Все, что могли - [12]

Шрифт
Интервал

Ильин будто бы угадал его мысли. Умащиваясь в коляске, сказал Кудрявцеву:

— С тобой мы еще поездим, держи лошадок в порядке, — и извиняющимся тоном добавил: — Надо коляску испробовать.

Возле командирского дома дал знак водителю придержать машину — с крылечка спускалась Надя и махала ему рукой. Он шагнул навстречу жене, кивнул мотоциклисту:

— Правь на шоссе, ожидай меня там.

Стрельнув синими колечками дыма, мотоциклист укатил.

— Я что-нибудь забыл, Надюша? — посмотрел он в глаза жены.

— Просто захотелось еще немножко побыть с тобой, — Надя тесно прижалась к нему, оперлась на руку. — Я не задержу тебя, нет?

Неясное беспокойство коснулось его сознания, и, пока они молча шли тропинкой до шоссе, в памяти непроизвольно мелькали, перемешивались, накладывались одна на другую картины тех дней, когда они познакомились с Надей в придонском селе, и вчерашнего вечера: приезд старшины Горошкина, Машенька с куском пчелиного сота на ладошке. И тут же наплывал грохот пулемета, свист пуль, кромсающих пограничный столб, хохот немцев на холме, чадящий дымом самолет с крестами, подбитый им, ночное нападение на комендатуру. Ему казались несовместимыми эти картины, они не могли существовать в одном и том же мире. Он тряхнул головой, как бы желая освободиться от этих видений, и услышал Надю.

— До свидания, Андрюша, — она поднялась на носки, поцеловала его. — До скорой встречи, родной. Жду тебя и верю в нее… в нашу встречу.

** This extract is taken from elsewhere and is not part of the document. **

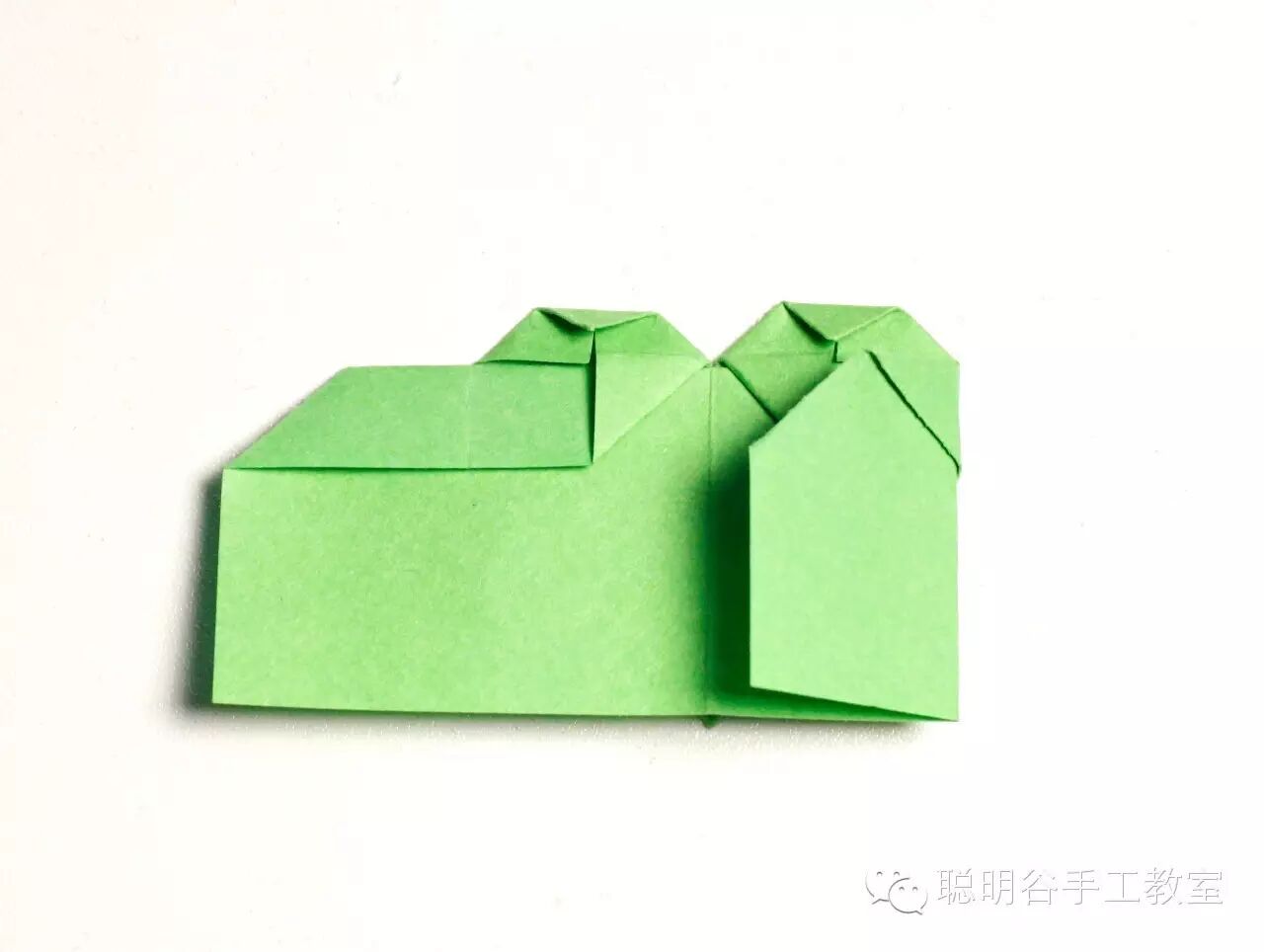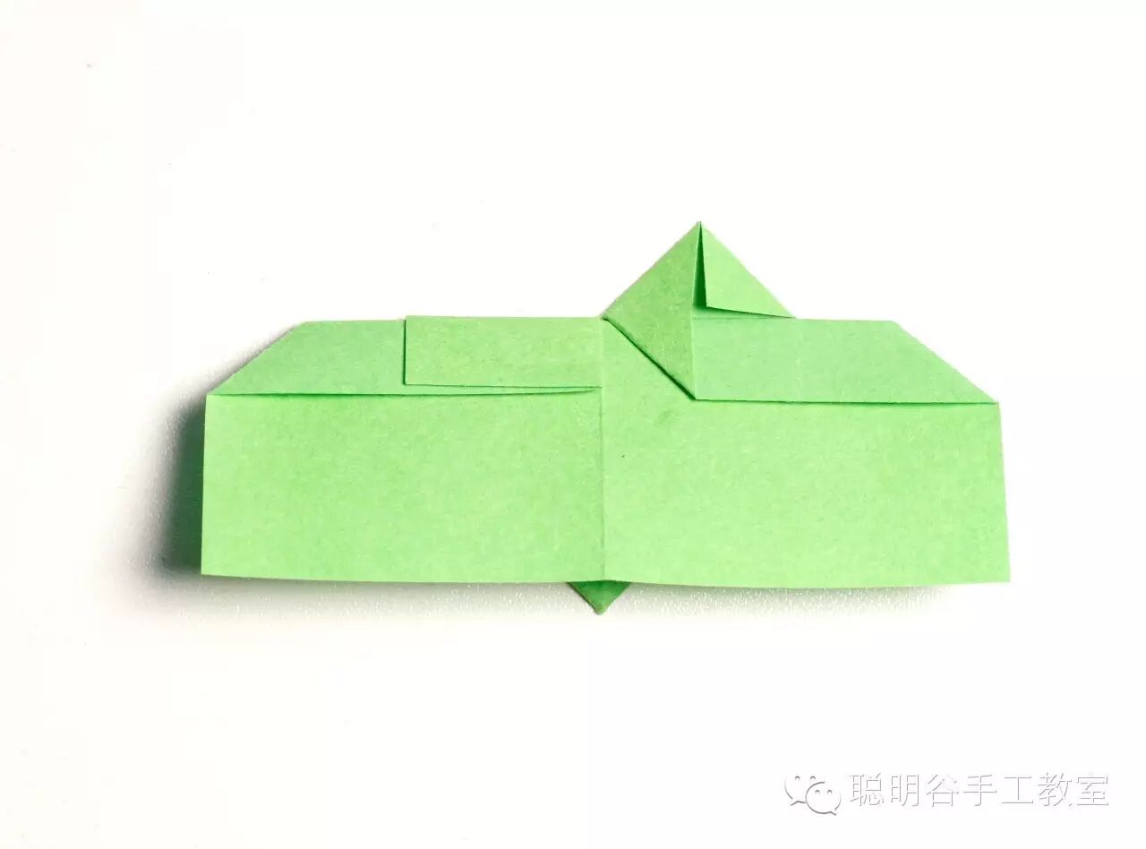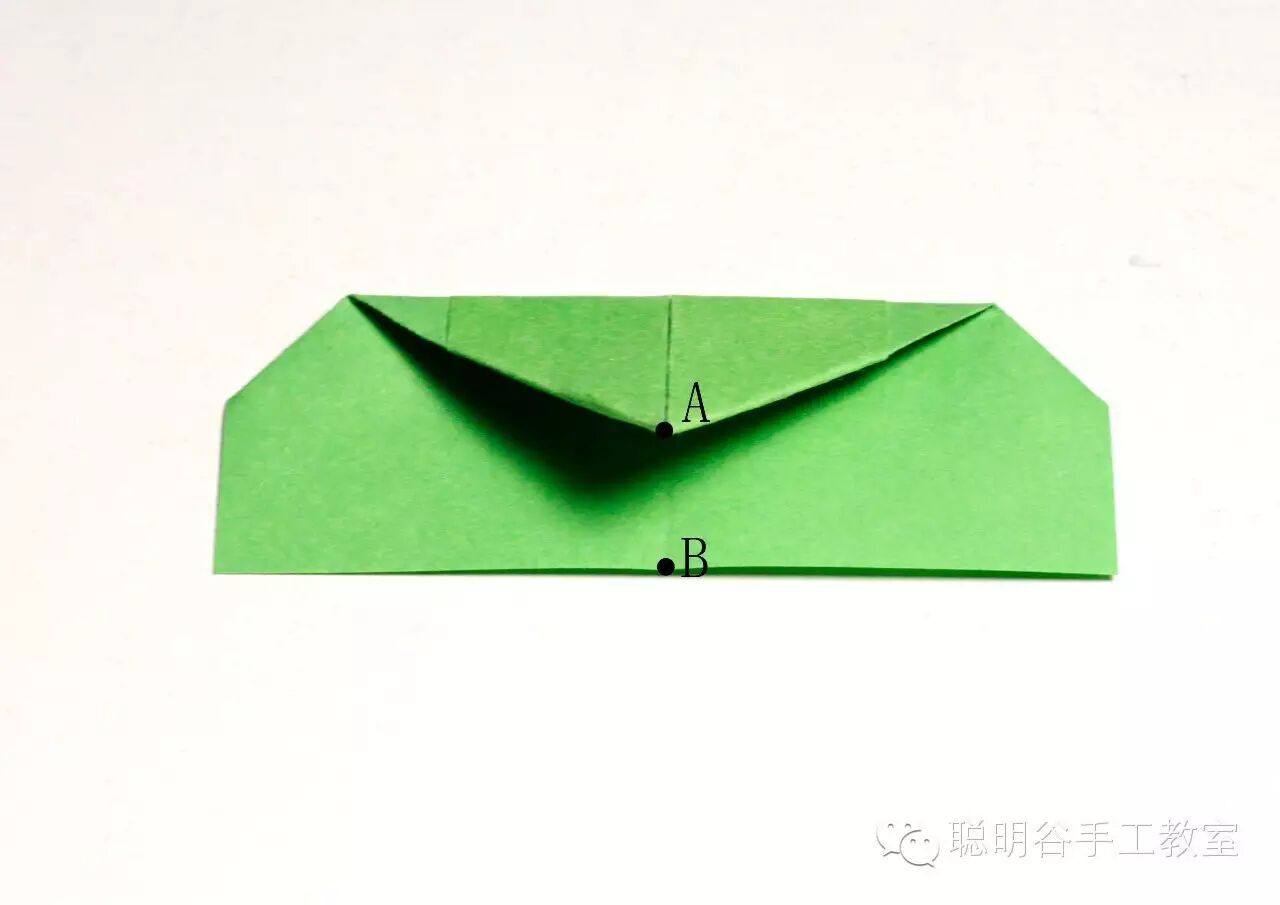 2.其中一条边向下折纸与中线齐平,如图所示。

Он глядел, как Надя шла по тропинке обратно, а потом остановилась, сняла туфли и свернула на лужайку с выстоявшейся высокой травой — спрямить путь. Приподняв подол платья, первый шаг сделала нерешительно — ноги холодила роса. Оглянулась, лукаво посмотрела на мужа и бодро зашагала прямиком к дому. В последний раз мелькнуло среди деревьев платье и скрылось. И только виднелся оставленный ею след в росистой траве.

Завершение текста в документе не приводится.